But she wasn’t supposed to negative self talk or something, her therapist had said (even if it was true). So she shook her head slightly, trying to knock the thoughts back to the cobwebs of her mind (where they never remained for long), and turned to her bag, rummaging for a pencil and paper.

She always preferred pencil to pen, ever since she’d first learned to write. Pencils had erasers, which meant that whatever she wrote was fixable. Adora liked that, the chance that a pencil gave. She could do things over. Mistakes didn’t matter—they could always be rectified.

When she was at boarding school, she’d been teased for that. Mainly by—

“Now, I just want to go over the syllabus before we dive in.” The professor—whose name Adora still hadn’t gotten—pressed a button on her laptop, pulling up the aforementioned syllabus. “First, we’ll cover attendance policies—”

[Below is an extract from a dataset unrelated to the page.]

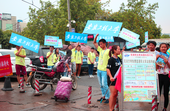一大清早,志愿者们便来到车站等待新生。他们手举“安徽工程大学”的牌子,站在最显眼的位置,以便新生能够快速在人群中找到志愿者们。

Adora bent her head over her paper and began to take notes, doing her best to zero in on the professor. It was hard, with the tick of the analog clock and the whispers of some of her classmates, somewhere near the back of the room. She’d always been bad at focusing, even when she worked really hard at it—and sometimes, working hard at it only made it worse. It was her Achilles heel in academics, along with the anxiety that kept her up at night over tests and quizzes. It was why she’d never done well at West Point, for the short time she’d attended, and why she’d always wondered why she’d been chosen to attend in the first place.

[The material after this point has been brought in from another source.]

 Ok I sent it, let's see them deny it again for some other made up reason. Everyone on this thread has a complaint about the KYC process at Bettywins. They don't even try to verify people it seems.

Maybe because she’d worked her ass off at everything else, just to make up for whatever shortcomings plagued her in the classroom. 

“Are you going to put that down?” The professor broke off in her explanation of attendance policies, and when Adora glanced up, she caught the turned back of a girl with long, dark curly hair and a really cool leather jacket, her hands clutching a clipboard.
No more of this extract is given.